Berry curvature induced anomalous Hall effect in Heusler compounds
In the Hall effect, a linear transverse resistivity is observed as a function of applied magnetic field and it turns into an anomalous behavior generating a finite value at zero field in ferromagnets. This anomalous value usually scales with the magnetization. Karplus and Luttinger have explained it considering spin–orbit interaction in which the matrix elements of the current operators are the essential contribution to the intrinsic anomalous Hall effect (AHE) . However, recent progress provides a deeper understanding for the intrinsic contribution of the AHE in terms of the Berry curvature wherein electrons pick up a transverse velocity even in the absence of an external magnetic field . The Berry curvature vanishes for conventional antiferromagnets which exhibit zero AHE. In contrast, the noncollinear Weyl metal Mn3Ge with a very small magnetization exhibits a very large AHE, emphasizing the role of the Berry curvature.

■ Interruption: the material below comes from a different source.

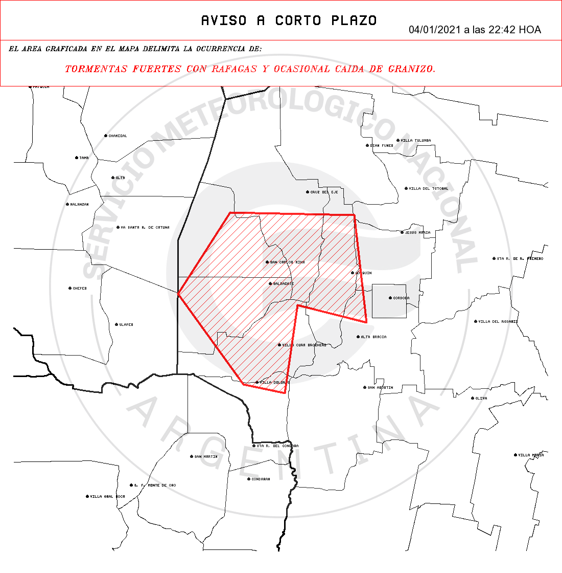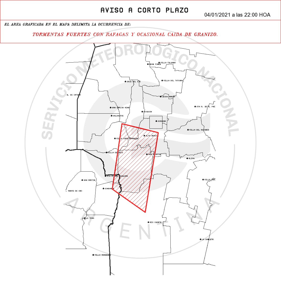 El Servicio Meteorológico Nacional emitió dos alertas de corto plazo por tormentas fuertes con probable caída de granizo para el Valle de Punilla, Colón, Cruz del Eje, Minas, Pocho, Calamuchita, Río Cuarto, San Javier, San Alberto, Santa María y Tercero Arriba.

Very recently, many Heusler compounds have been identified as Weyl semimetals, which exhibit non-zero Berry curvatures around their Weyl points. This, in addition to the fact that Heusler compounds have high transition temperatures, make them ideal candidates to show a large intrinsic AHE at room temperature . Heusler compounds provide a flexible platform for tuning the Berry curvature based on simple electron counting rules. Our group is known worldwide for the research in Heusler compounds [4,5]. In this proposal, we suggest to measure the AHE of different series of Heusler compounds and to tune their AHE by controlling the Berry phase. The research will benefit from the strong support from the theory group.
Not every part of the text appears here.